### Problem to work on
Using the listing below, print the line containing "Découvrez le buffet", the line containing "豆田鮮榨油 葵花籽油 葵花油 三入優惠組 250ML 冷壓鮮榨 新鮮現榨", and each line between them, exactly and nothing else. Pictures stay out of the print.

### Information supplied
%%

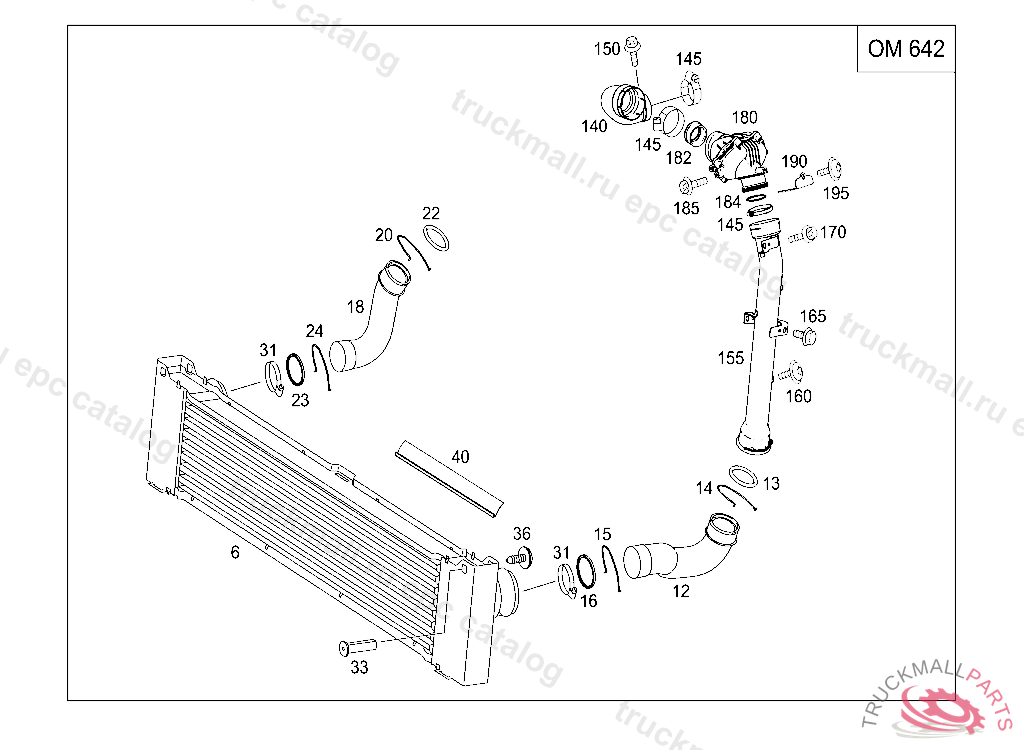 CHARGE AIR GUIDE CHARGE AIR PIPE, FIRST EXHAUST STOCK OF OLD PARTS UP TO IDENT NO. 34836220070522, Replaced By: A6420906137
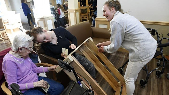 Students from a local high school joined with Chelsea Place Memory Care residents to build special “dog stick” libraries with wooden crates to distribute to dog parks throughout Aurora, Colorado. Their crate building session was written up in the Denver Post. You can read more on this here
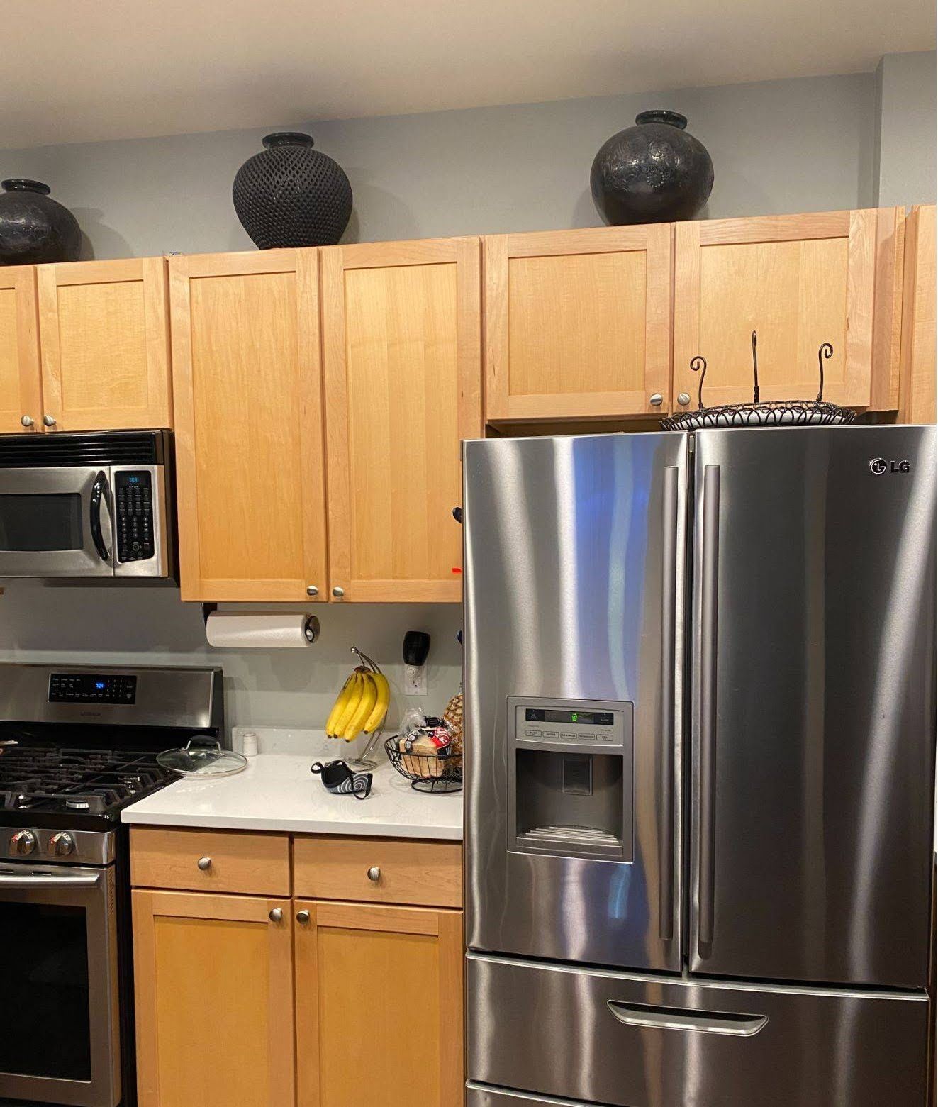 This customer called us in to repaint their cabinets for a more modern look. They decided to go with the color Antique Tin (from Behr) on bottom and extra white on top. Giving these light oak cabinets a fresh coat of paint completely changed the look and feel of the kitchen for a much lower cost than replacing the cabinets altogether.
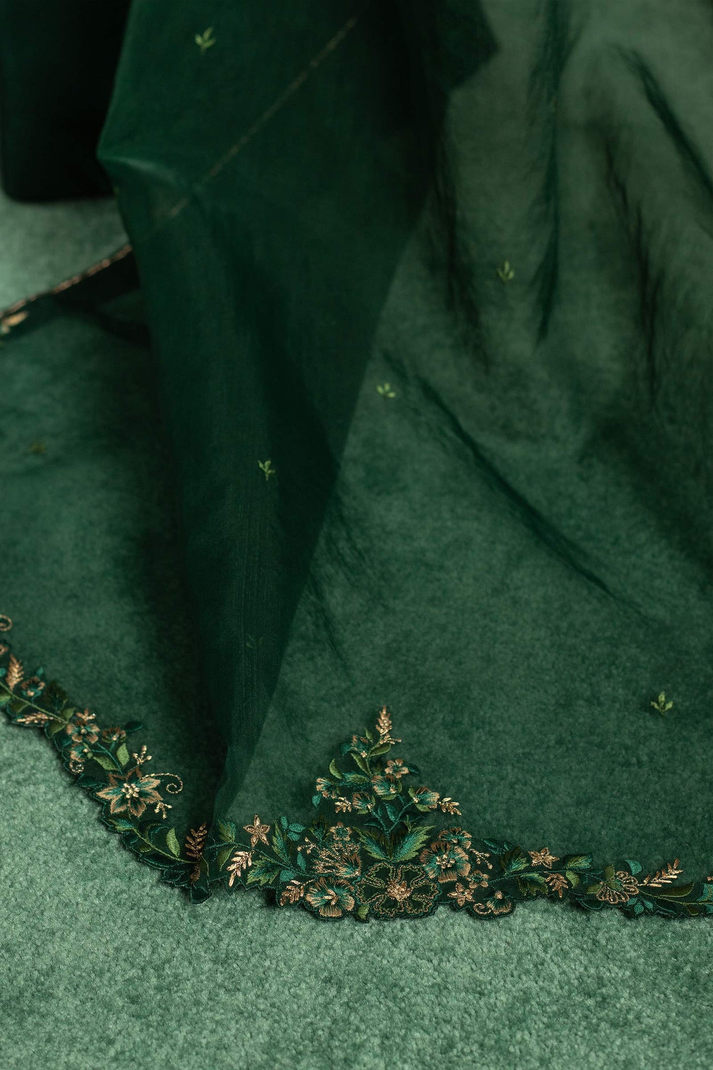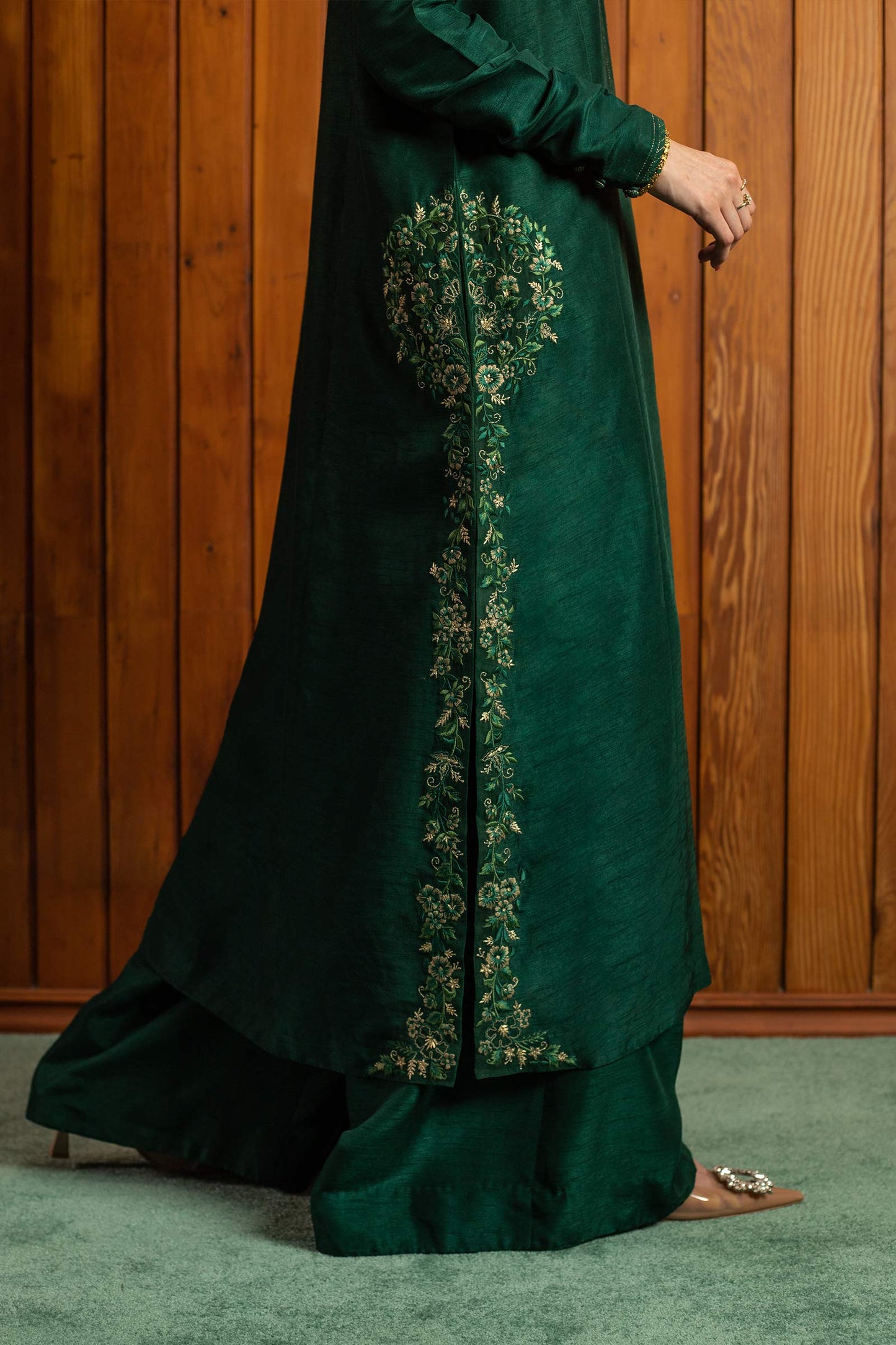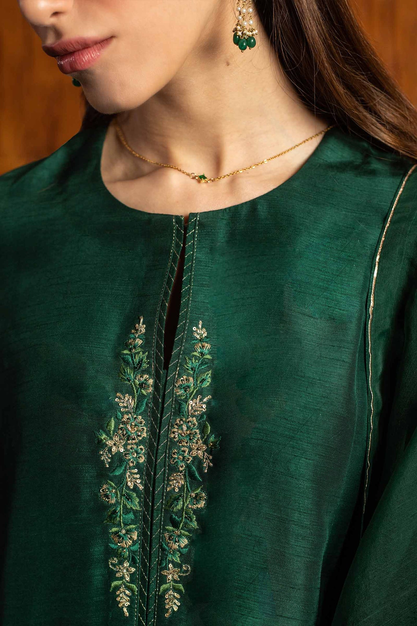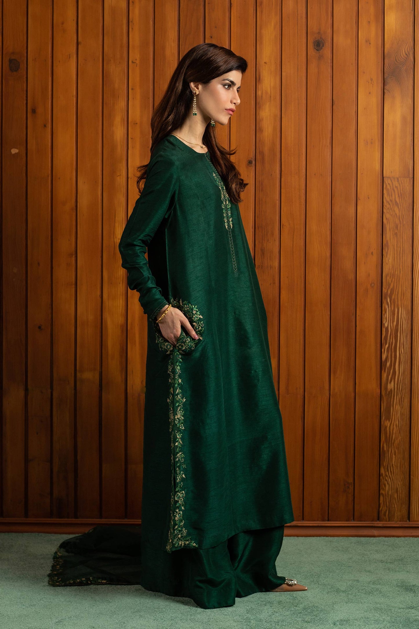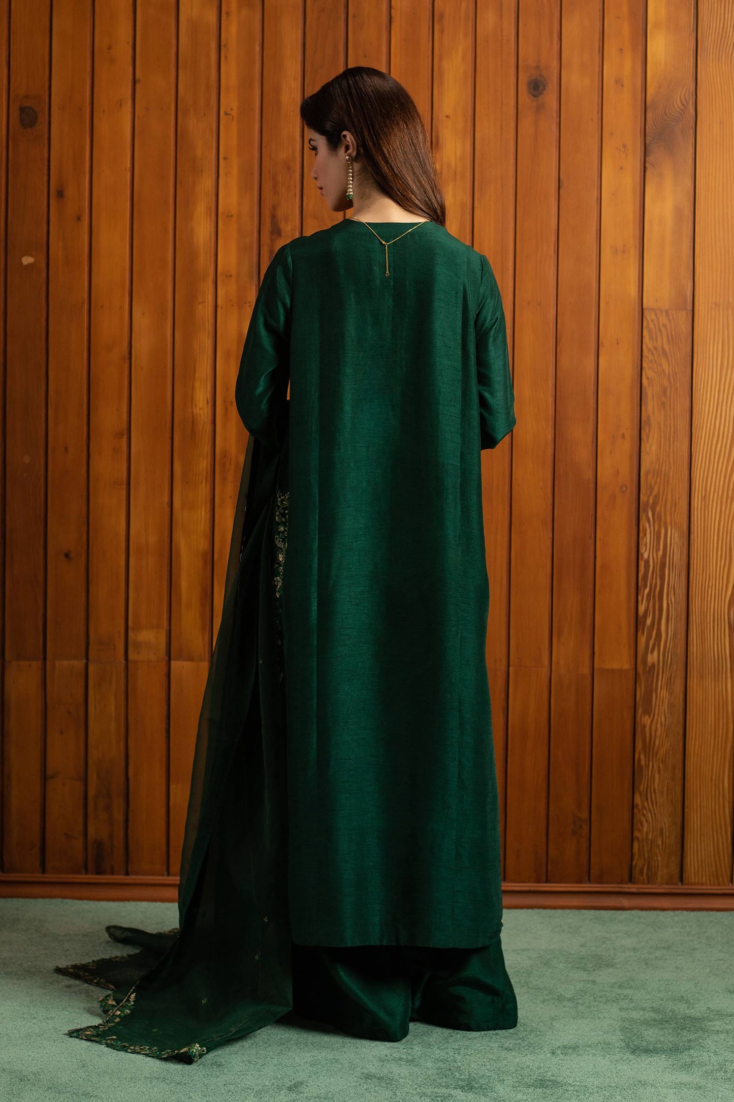Straight shirt in dark green having embroidery on side seams and neckline, enhanced with adda work. Paired with embroidered dupatta and loose trousers.
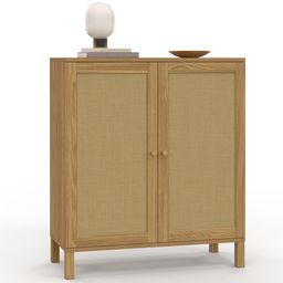 Découvrez le buffet d'appoint 2 portes HANAE et ses façades de portes effet rotin naturel ! Il mettra en valeur vos accessoires tout en gardant votre pièce bien ordonnée !Design et fonctionnel, ce meuble de rangement s'adaptera facilement aux différentes pièces de votre maison quel que soit votre in
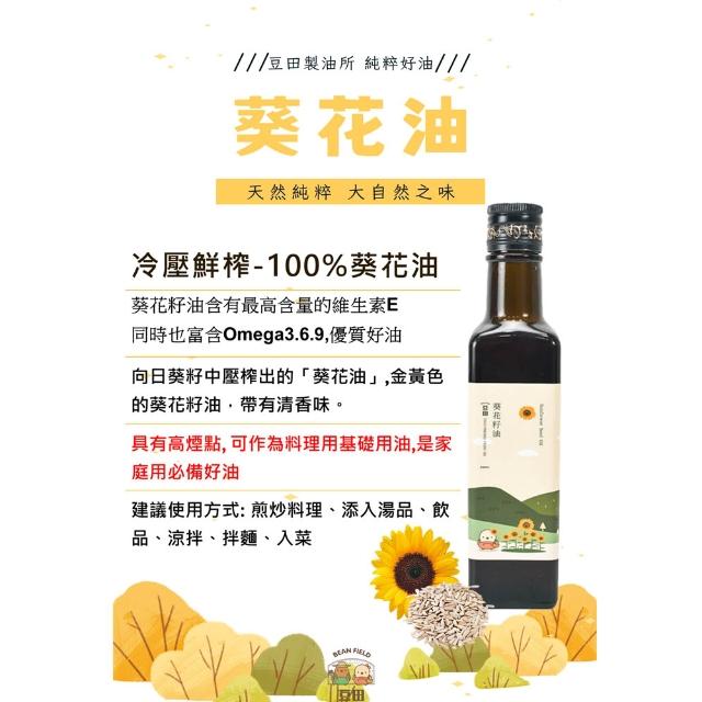 豆田鮮榨油 葵花籽油 葵花油 三入優惠組 250ML 冷壓鮮榨 新鮮現榨
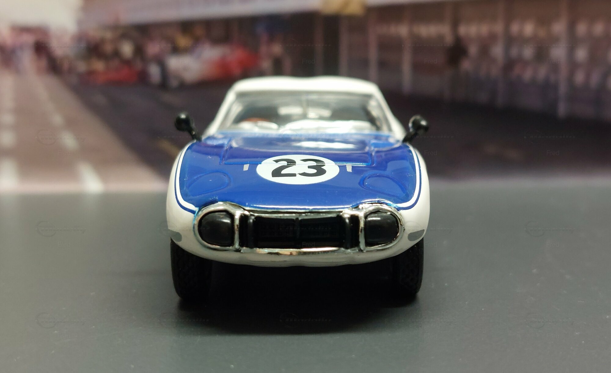 The 1/43 scale model of the Toyota 2000 GT by Del Prado, featured in the collection of Modelly member "Fred," impresses not only with its high level of detail but also the precise representation of the original vehicle. Made of diecast material, the model reflects the essential design features of the original, such as the aerodynamic shape, detailed reproduction of headlights and wheels, as well as the accurate painting and sponsor decals. The model's wheels bear the Goodyear logo, just like the original, and the number and placement of decals are precisely positioned. The interior of the model even showcases the steering wheel and seating in high detail. Collectors and enthusiasts of model cars will appreciate the accurate and high-quality design of this 1/43 scale model, making it a valuable piece for any collection.
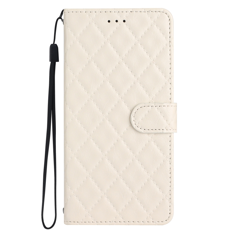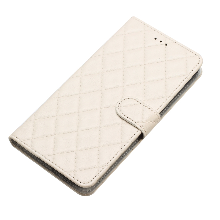 Funda de Cuero para iPhone 16 Pro Max con Textura de Celosía y Rombos (Blanca)

%%

### Exercise solution
 Découvrez le buffet d'appoint 2 portes HANAE et ses façades de portes effet rotin naturel ! Il mettra en valeur vos accessoires tout en gardant votre pièce bien ordonnée !Design et fonctionnel, ce meuble de rangement s'adaptera facilement aux différentes pièces de votre maison quel que soit votre in
 豆田鮮榨油 葵花籽油 葵花油 三入優惠組 250ML 冷壓鮮榨 新鮮現榨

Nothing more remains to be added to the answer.